Nello specifico l'ipotesi portata avanti verte in tal caso su un
preciso punto: la concezione del cielo secondo la teologia del tempo.
Difatti, nelle opere romane del Rinascimento esistono importanti
riferimenti al cielo descritto nel quarto giorno della Creazione e
alle luci create da Dio: pensiamo, appunto, per esempio al cielo
azzurro stellato che decorava la volta della Cappella Sistina. Cosa
si intendeva esprimere a quel tempo, a livello teologico, con
l'immagine del cielo? Per esempio, secondo il minorita galatinese
il cielo contiene molti misteri, perché, in quanto simbolo delle
Sacre Scritture come esse è caratterizzato dalla varietà: «sub
coeli nomine multa continentur mysteria, prout scripturarum exposcit
diversitas. Quia et si anagogice quidem ecclesia triunphas,
allegorice vero ecclesia militans, quae instar triunphantis instituta
est, … per coelum hoc loco designetur. Tropologice tamen, prout
(scilicet) scriptura in se ipsam per reflexionem convertitur, per
coelum hic aliud quam sacrae scripturae sacramentum, non intellegitur
».
Quindi, Galatino applica la dottrina dei molteplici sensi della
Scrittura e distingue nel senso anagogico (che porta all'elevazione)

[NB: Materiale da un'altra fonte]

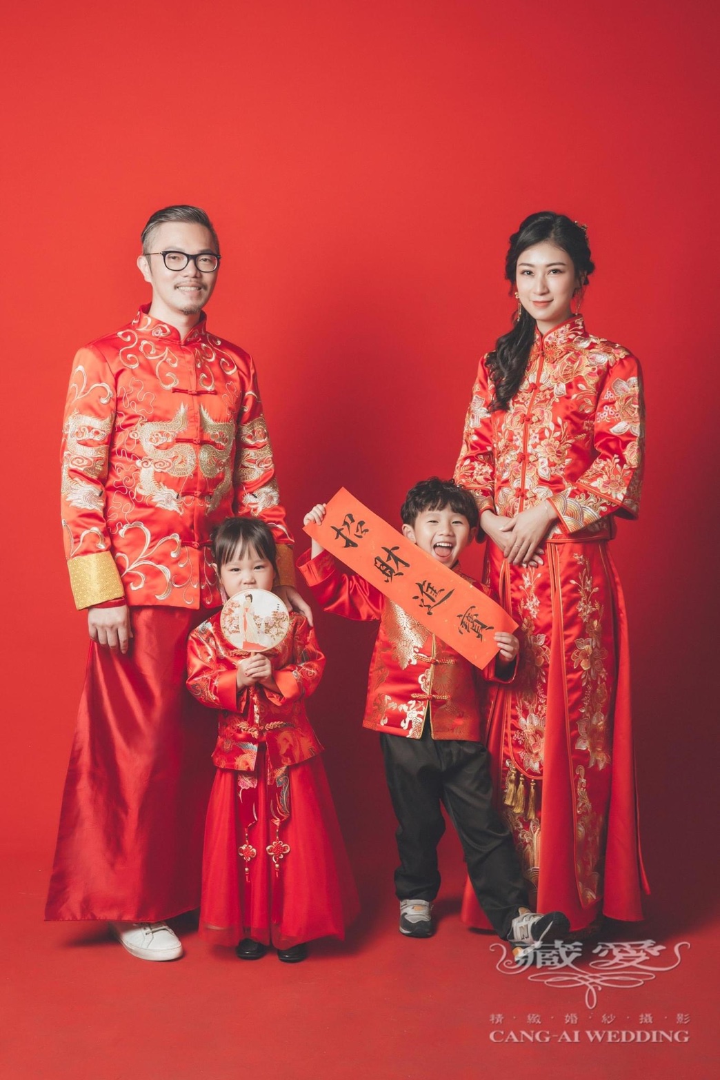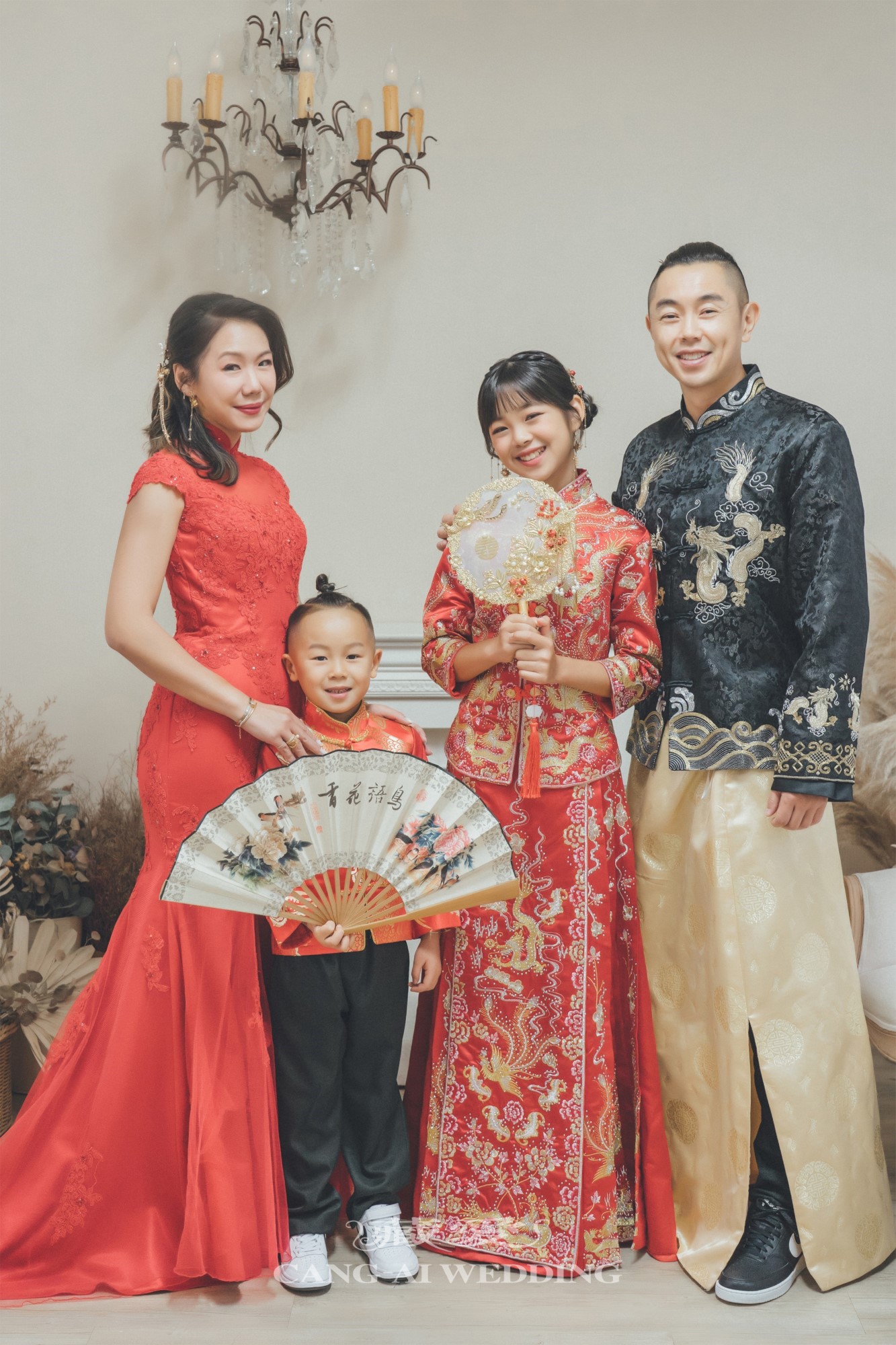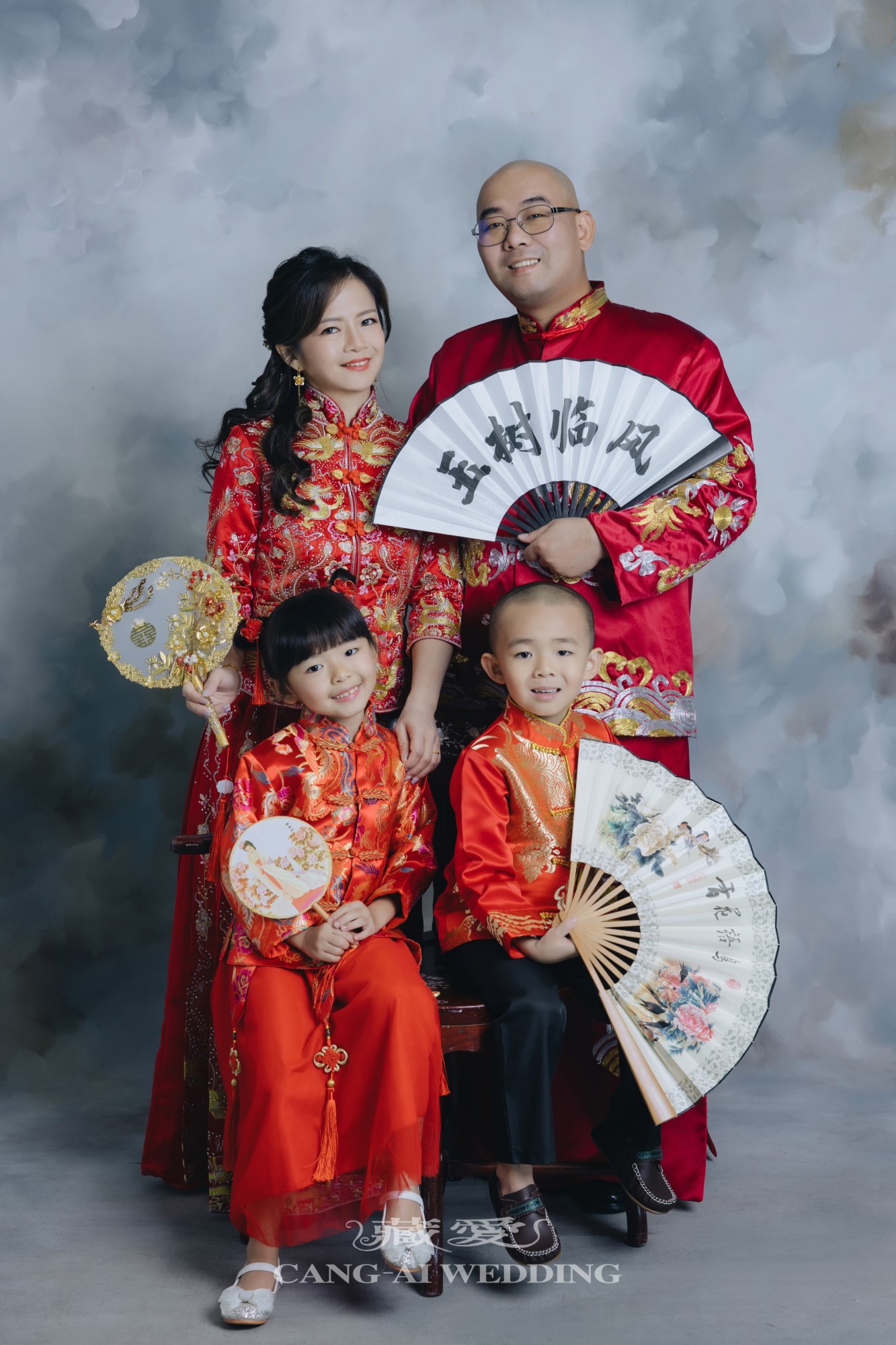 新年穿上中式服裝更是充滿儀式感與節慶氛圍。秀禾服的典雅喜氣,搭配春聯、摺扇等節慶氛圍配件,拍出既喜氣又具故事感的畫面。這樣的全家福,不僅象徵新年的好兆頭,更象徵著幸福的延續與家族的凝聚。

la Chiesa trionfante dei santi dalla Chiesa militante che troverebbe
corrispondenza nella parola cielo letta alla luce del senso
allegorico della Scrittura. In senso tropologico e morale cielo
significa, invece, la Sacra Scrittura per il fatto che mediante la
riflessione essa si rivolge verso se stessa . In
generale, per questo tipo di dotti, la parola cielo ha sempre
racchiuso più significati e la questione risulta ben evidente ancora
a fine Cinquecento: se visioniamo, infatti, i volumi di Gerolamo
Laureto leggiamo che coelum può significare Dio, Cristo, gli
angeli, le cose spirituali in generale, la Vergine Maria, gli
Apostoli, i predicatori, i Profeti, la Chiesa stessa, ma anche la
Sacra Scrittura (come nel caso di Galatino). Rispetto a quest'ultima
interpretazione si può affermare che la Sacra Scrittura può essere
definita il cielo dal quale Dio parla agli uomini; seguendo tale
schema la Sapienza sarebbe quindi rappresentata dal Sole, la Scienza
dalla Luna e i Padri, con i loro esempi e con le loro virtù, dalle
stelle. Tornando alla Sistina, Michelangelo avrebbe sostituito il
vecchio cielo con un altro cielo, cioè il cielo delle stelle con
quello della Scrittura veterotestamentaria così considerato da
Gioacchino da Fiore prima e Pietro Colonna il Galatino poi. In
conclusione, la figura di questo frate minorita potrebbe essere
considerata la naturale prosecuzione delle idee gioachimite e,
dunque, uno dei consulenti di artisti come Michelangelo; si tratta,
in tal senso, di un erudito coinvolto, in quegli anni, nella
realizzazione di un progetto figurativo che concretizzasse idee del
passato e le rendesse attuali nella Roma profetica del tempo. D'altro
canto, la questione non sorprende se si riflette nuovamente sull'alto
ruolo culturale raggiunto dal Galatino all'interno dei circoli
religiosi e filosofici della Roma di Giulio II e Leone X. Ancora una
volta, come precisato anche nel caso della decorazione della Cappella
Borgherini, la presenza di Galatino in questi luoghi non sembra
essere tangibile se si cercano palesi confronti tra le sue opere e le
rappresentazioni pittoriche analizzate. Il suo apporto, dunque, non è
visibile nella trasposizione diretta delle sue parole o delle sue
idee, quanto piuttosto nella sua cultura intrisa di concetti
medievali e di stampo anche profetico che sembra essere stata ben
percepita dagli artisti a lui contemporanei.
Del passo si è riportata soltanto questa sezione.